> [Try it] For any picture in the lines below, please leave it out and copy the rest exactly.
Given material section start
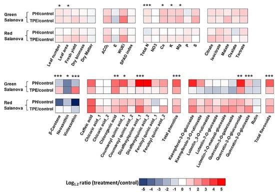The enhanced absorption of certain nutrients (N, K, Ca, and Mg) by only the green cultivar could be related with the increase in green salanova’s total N (%) after the application of PH and TPE biostimulants. In contrast, the two biostimulants reduced (PH) or did not have an effect (TPE) on the total N (%) of red lettuce. Several studies have highlighted an increase in the metabolism and assimilation of nitrogen, and the enzymes involved (nitrate reductase, nitrite reductase, glutamine synthetase, glutamate synthase, and aspartate aminotransferase), following the application of protein hydrolysates [
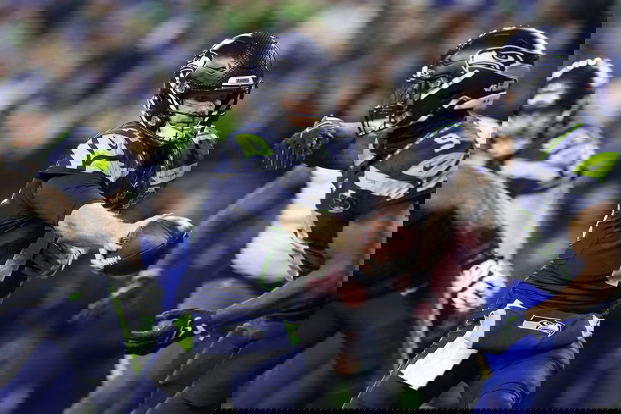 SEATTLE, WA – JANUARY 25: Sam Darnold 14 of the Seattle Seahawks turns to hand off to Kenneth Walker III 9 during the NFC Championship game against the Los Angeles Rams on January 25, 2026 at Lumen Field in Seattle, Washington. Photo by Joe Robbins/Icon Sportswire NFL, American Football Herren, USA JAN 25 NFC Championship Game Rams at Seahawks EDITORIAL USE ONLY Icon573260125035
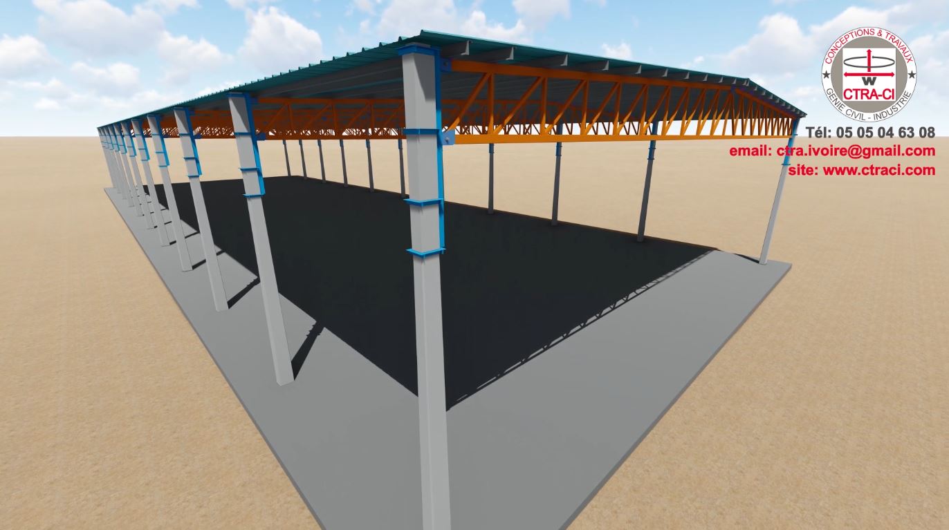 Couverture métallique de 1200 m² adaptée sur des poteaux électrique en BA
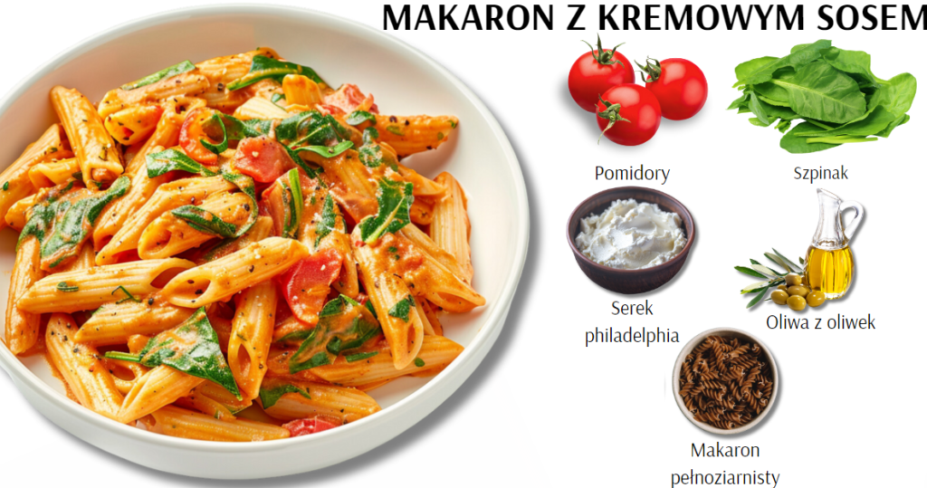 Szukasz pomysłu na pożywną i szybką przekąskę do pracy? Wypróbuj nasz przepis na makaron z kremowym sosem pomidorowo-szpinakowym – idealny, aby dodać energii w ciągu dnia i cieszyć się pysznym smakiem.
Given material section end
> [Response to this exercise]
The enhanced absorption of certain nutrients (N, K, Ca, and Mg) by only the green cultivar could be related with the increase in green salanova’s total N (%) after the application of PH and TPE biostimulants. In contrast, the two biostimulants reduced (PH) or did not have an effect (TPE) on the total N (%) of red lettuce. Several studies have highlighted an increase in the metabolism and assimilation of nitrogen, and the enzymes involved (nitrate reductase, nitrite reductase, glutamine synthetase, glutamate synthase, and aspartate aminotransferase), following the application of protein hydrolysates [
 SEATTLE, WA – JANUARY 25: Sam Darnold 14 of the Seattle Seahawks turns to hand off to Kenneth Walker III 9 during the NFC Championship game against the Los Angeles Rams on January 25, 2026 at Lumen Field in Seattle, Washington. Photo by Joe Robbins/Icon Sportswire NFL, American Football Herren, USA JAN 25 NFC Championship Game Rams at Seahawks EDITORIAL USE ONLY Icon573260125035
 Couverture métallique de 1200 m² adaptée sur des poteaux électrique en BA
 Szukasz pomysłu na pożywną i szybką przekąskę do pracy? Wypróbuj nasz przepis na makaron z kremowym sosem pomidorowo-szpinakowym – idealny, aby dodać energii w ciągu dnia i cieszyć się pysznym smakiem.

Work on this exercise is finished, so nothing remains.